On Friday 24th of June a debate on the euro and the Netherlands took place in the recently reopened “House of Europe” in the Hague. The debate was organized by the Jean Monnet Centre of Excellence. Among the participants were MEPs Dennis de Jong (SP) and Gerben Jan Gerbrandy (D’66), former MEP Jan Marinus Wiersma (PvdA), Alfred Kleinknecht (Professor Economics, TU Delft), Amy Verdun (Prof. Political Science & Jean Monnet Ad Personnam Chair University of Victoria) and Bernard Steunenberg (Professor Public Administration & Jean Monnet Ad Presonnam Chair Leiden University). The politicians and experts discussed aspects of the current Eurocrisis. The discussion was expertly moderated by Roel Janssen (former Political Editor of the NRC Handelsblad).

The participants argued that instead of debating whether the Netherlands should leave the Euro, the real question was whether Greece should do so. Dennis de Jong kicked off by stating that the current Greek situation was very dramatic. “So the people that claim that all loans will be repaid are simply fooling us”. De Jong saw the Greek reform measures as another expression of the European Union’s neoliberal slant. He feared that the crisis would be grist to the mill of the economic right and would also serve as justification for all the current cutbacks in the Netherlands, utilized under the guise of “never waste a good crisis”. For these reasons De Jong was in favour of restructuring Greece’s debt.

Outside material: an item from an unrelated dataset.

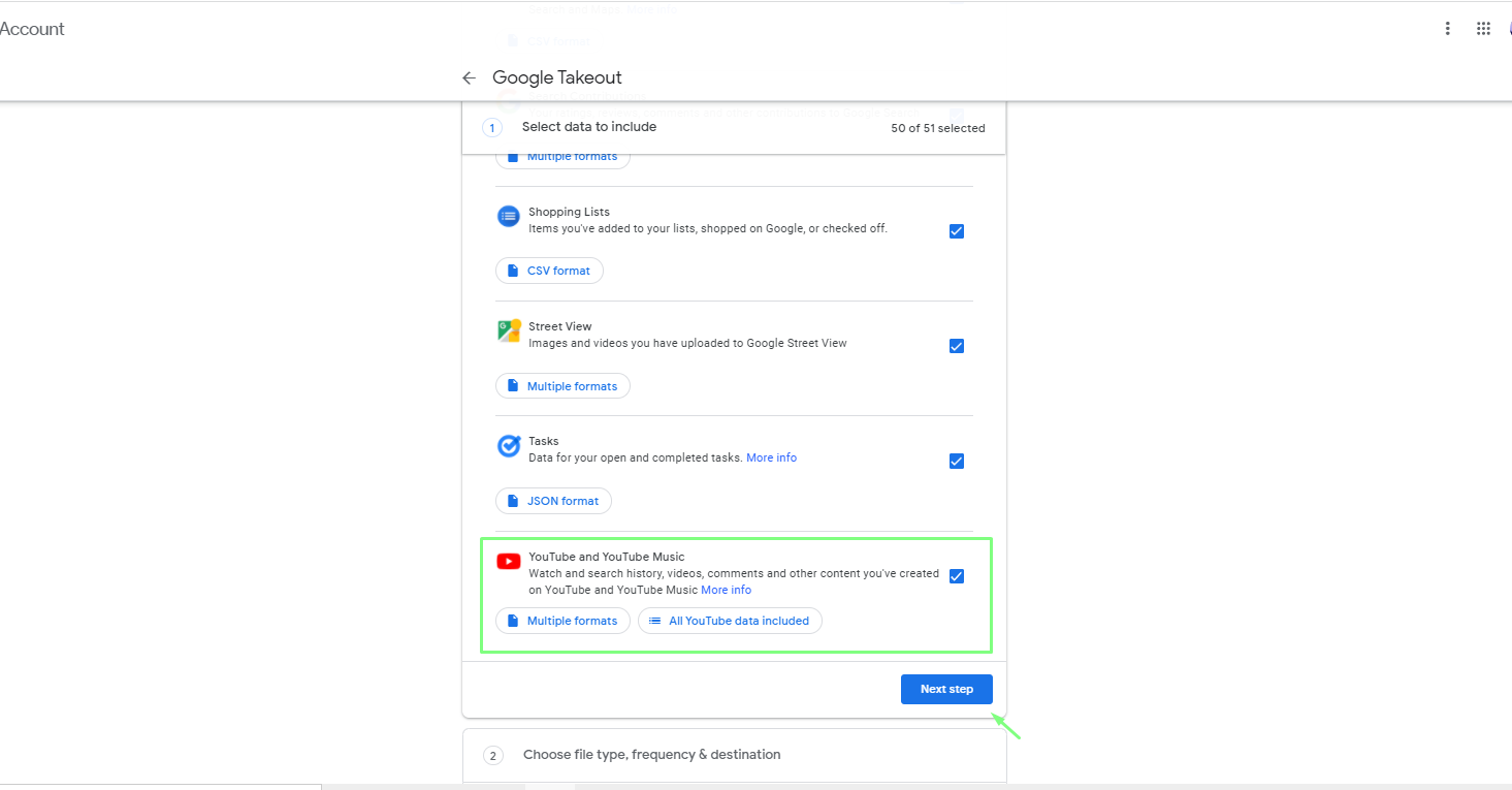 প্রথমে Google Takeout পেজটি ওপেন করুন। নিচের মত পেজ দেখতে পাবেন এখান থেকে YouTube এ চেক দিয়ে Next এ ক্লিক করুন।

Further support for debt payments would only be, according to him, funding European banks and not really supporting the Greeks

Gerben Jan Gerbrandy (from the European liberals) clearly had a different opinion, namely that the design of the euro system was to blame for the crisis. “We made a critical design error in the beginning by only employing a joint monetary policy, without looking at a joint economic policy”. ”We also made the mistake to provide the Greeks with the opportunity to enjoy the benefits of low interest loans for too long”.

Furthermore, the Stability and Growth Pact had failed, especially when Germany and France breached the rules and went unpunished. Metaphorically, he said “the EU is like a patient with a gaping wound that is being patched time and time again with small plasters, this will continue until we run out of plaster, or the patient dies”. According to Gerbrandy we should have applied a firm bandage much earlier, that is, by instituting a much bigger emergency fund in order to lessen the risks.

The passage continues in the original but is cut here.